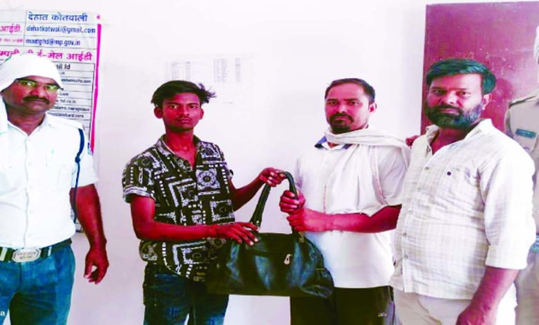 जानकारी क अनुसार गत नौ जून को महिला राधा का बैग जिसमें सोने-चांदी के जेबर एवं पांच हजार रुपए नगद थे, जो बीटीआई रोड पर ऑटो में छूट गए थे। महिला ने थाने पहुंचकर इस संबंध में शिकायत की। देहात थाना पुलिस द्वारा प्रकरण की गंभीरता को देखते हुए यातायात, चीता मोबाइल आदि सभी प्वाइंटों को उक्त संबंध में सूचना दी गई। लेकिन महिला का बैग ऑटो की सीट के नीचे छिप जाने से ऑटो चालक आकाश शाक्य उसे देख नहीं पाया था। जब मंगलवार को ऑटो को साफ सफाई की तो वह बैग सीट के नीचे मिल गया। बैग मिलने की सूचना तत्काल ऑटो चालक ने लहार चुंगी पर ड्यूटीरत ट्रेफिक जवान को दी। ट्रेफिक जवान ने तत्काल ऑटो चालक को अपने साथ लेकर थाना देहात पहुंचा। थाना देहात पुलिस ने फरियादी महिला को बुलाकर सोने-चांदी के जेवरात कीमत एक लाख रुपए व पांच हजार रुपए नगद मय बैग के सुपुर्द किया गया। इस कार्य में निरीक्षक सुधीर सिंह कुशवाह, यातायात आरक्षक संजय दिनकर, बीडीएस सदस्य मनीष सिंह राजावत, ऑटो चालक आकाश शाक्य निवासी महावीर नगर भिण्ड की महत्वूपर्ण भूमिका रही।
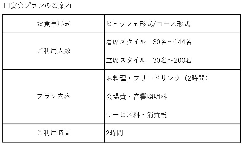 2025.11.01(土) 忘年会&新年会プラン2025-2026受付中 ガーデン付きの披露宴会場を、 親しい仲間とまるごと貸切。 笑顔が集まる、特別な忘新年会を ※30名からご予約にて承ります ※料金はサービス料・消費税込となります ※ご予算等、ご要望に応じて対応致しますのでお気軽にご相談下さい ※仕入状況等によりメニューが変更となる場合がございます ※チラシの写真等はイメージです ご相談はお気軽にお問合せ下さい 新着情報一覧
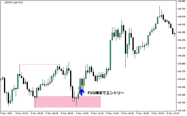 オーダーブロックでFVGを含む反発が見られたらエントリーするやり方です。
===
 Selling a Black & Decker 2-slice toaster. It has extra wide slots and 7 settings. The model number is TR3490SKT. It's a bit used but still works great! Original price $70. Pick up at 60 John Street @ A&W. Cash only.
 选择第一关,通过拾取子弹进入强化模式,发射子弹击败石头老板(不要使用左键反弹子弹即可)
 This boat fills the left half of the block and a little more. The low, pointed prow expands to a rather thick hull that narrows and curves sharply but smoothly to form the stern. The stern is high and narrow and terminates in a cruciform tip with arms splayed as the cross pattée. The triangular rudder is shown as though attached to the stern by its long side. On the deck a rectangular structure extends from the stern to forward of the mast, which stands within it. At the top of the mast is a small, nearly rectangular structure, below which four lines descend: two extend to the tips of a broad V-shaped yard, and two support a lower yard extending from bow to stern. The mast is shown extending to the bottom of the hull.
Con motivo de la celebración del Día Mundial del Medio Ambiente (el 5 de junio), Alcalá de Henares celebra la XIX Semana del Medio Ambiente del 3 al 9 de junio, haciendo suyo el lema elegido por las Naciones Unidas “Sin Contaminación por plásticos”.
===
TASK TO COMPLETE: Within the data above, the lines from the one with "This boat fills" to the one with "Con motivo de" must be repeated exactly; no other line belongs in the answer.

ANSWER TO THE EXERCISE:
 This boat fills the left half of the block and a little more. The low, pointed prow expands to a rather thick hull that narrows and curves sharply but smoothly to form the stern. The stern is high and narrow and terminates in a cruciform tip with arms splayed as the cross pattée. The triangular rudder is shown as though attached to the stern by its long side. On the deck a rectangular structure extends from the stern to forward of the mast, which stands within it. At the top of the mast is a small, nearly rectangular structure, below which four lines descend: two extend to the tips of a broad V-shaped yard, and two support a lower yard extending from bow to stern. The mast is shown extending to the bottom of the hull.
Con motivo de la celebración del Día Mundial del Medio Ambiente (el 5 de junio), Alcalá de Henares celebra la XIX Semana del Medio Ambiente del 3 al 9 de junio, haciendo suyo el lema elegido por las Naciones Unidas “Sin Contaminación por plásticos”.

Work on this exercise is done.